Christopher Levy has been out of work since June of last year, when federal law enforcement officials shut down Life's Good Inc., alleging that its founder and chief executive, Robert Stinson, was running a $16 million Ponzi scheme.
As if unemployment weren't enough of a burden for Levy, 48, of King of Prussia, the IRS is after him for $353,000 in Life's Good payroll taxes the agency says the Philadelphia company failed to turn over.
"I had nothing to do with taxes," Levy said in an interview at his attorney's office. He said his last title was chief of staff, which meant he was a "glorified firefighter," though he also handled some negotiations for Stinson.
From 2006 to June 2010, Life's Good raised $16 million from investors nationwide, purporting to make high-interest, short-term real estate loans while properties were being fixed up for sale. In reality, prosecutors alleged, Stinson used investors' money for himself and his family, and to pay earlier participants to perpetuate the scheme.
Stinson, in jail since April for violating the terms of a restraining order, is scheduled to change his plea from not guilty to guilty in federal court in Philadelphia on Aug. 15. His attorneys, federal public defenders Felicia Sarner and Stuart Patchen, had no comment Thursday.
Authorities have not charged Levy or other Life's Good employees, some of whom had equally responsible positions, with any crimes. But now the IRS is threatening to turn Levy's life upside down.
"We believe it's really outrageous for the government to be taking this position. You have a criminal on one hand, and you're going to go after the office manager at his company for all this money," said Kevin Johnson, Levy's attorney, who works in the West Conshohocken office of Chamberlain, Hrdlicka, White, Williams & Aughtry.
"It's just not the right thing to do. Someone at the IRS has to step up and say, 'This is not right,' " said Johnson, who was an IRS agent and appeals officer before switching to law.
IRS spokesman Mark Hanson said the agency could not comment on the case.

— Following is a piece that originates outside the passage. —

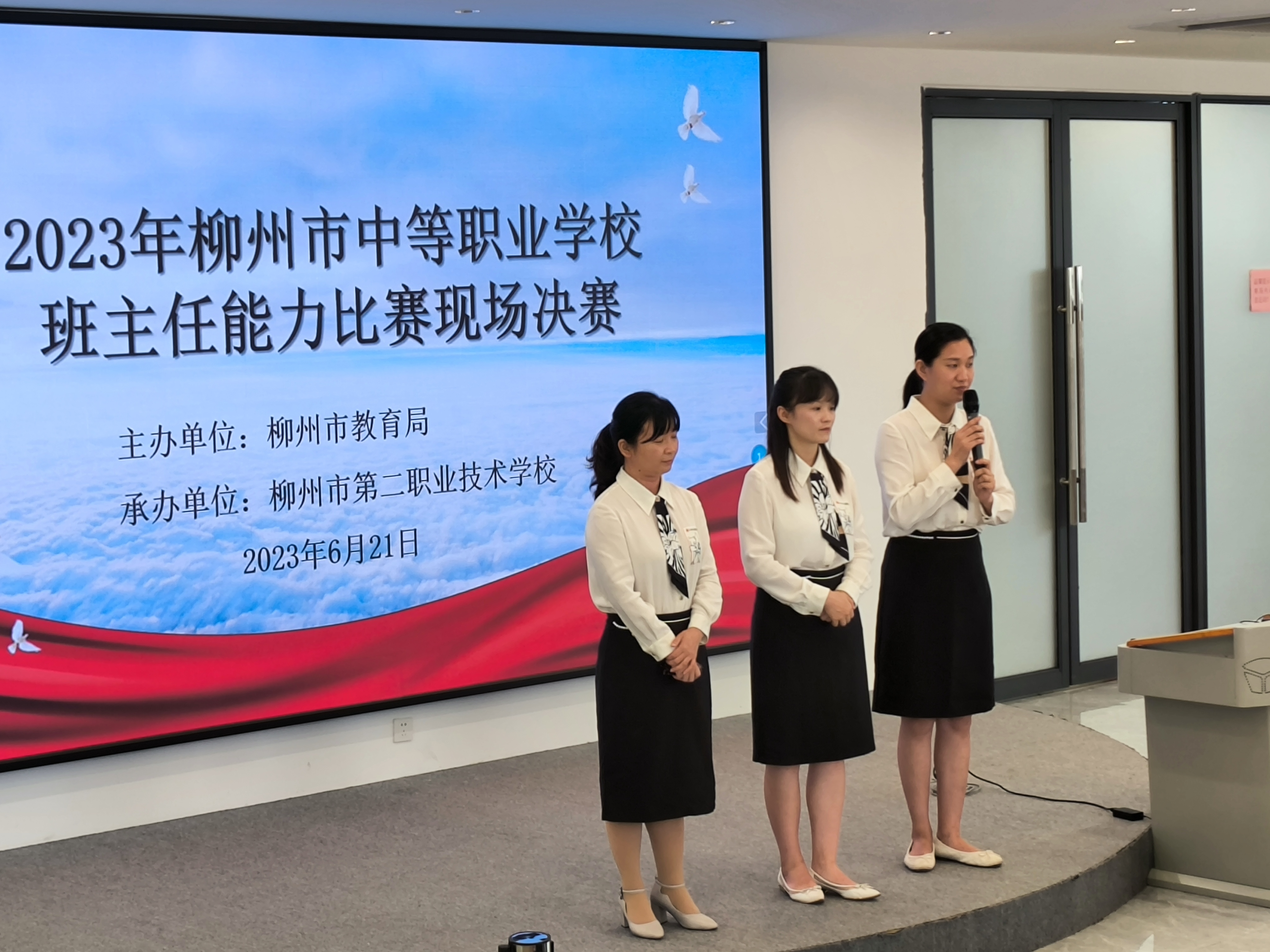为深入贯彻习近平新时代中国特色社会主义思想,落实立德树人根本任务,以赛促建,柳州市开展了“2023 年柳州市中等职业学校班主任能力比赛,以班级建设方案、管理育人案例、班级活动方案等内容全面考核了班主任的专业技能。我校共有两组参赛队伍参赛,并获得好成绩。

Surprisingly to many, the IRS can pursue an employee it deems a "responsible person" for unpaid taxes. A responsible person is one who has the authority to decide which bills a company pays and which it does not pay.
"An employee is not a responsible person if the employee's function was solely to pay the bills as directed by a superior," according to an IRS publication on the penalty Levy is fighting.
"My experience is, when the IRS has unfunded payroll taxes, they look at an expansive net of people they can go after," said Stephen Scherf, a certified public accountant and principal at Asterion Inc., a financial and economic consulting firm in Center City.
Check-signing authority is a red flag for the IRS.
Levy started working at Life's Good in August 2008 and got limited check-signing authority in November 2009. Still, he said he had no say over what to pay and what not to pay.
Stinson "would put money into these accounts to pay these things, and at that time I would pay them, but he had total control of what was coming in and what was going out," Levy said.
In May, the IRS filed a $159,135 lien on Levy's house. The rest of the $353,000 demand is under appeal.
The IRS is not going to get the money from Levy, who is married and has two sons, Johnson said. He doesn't have it.
"All they're going to do is ruin Chris' life," Johnson said. "Why should Chris be another victim of Stinson's crimes?"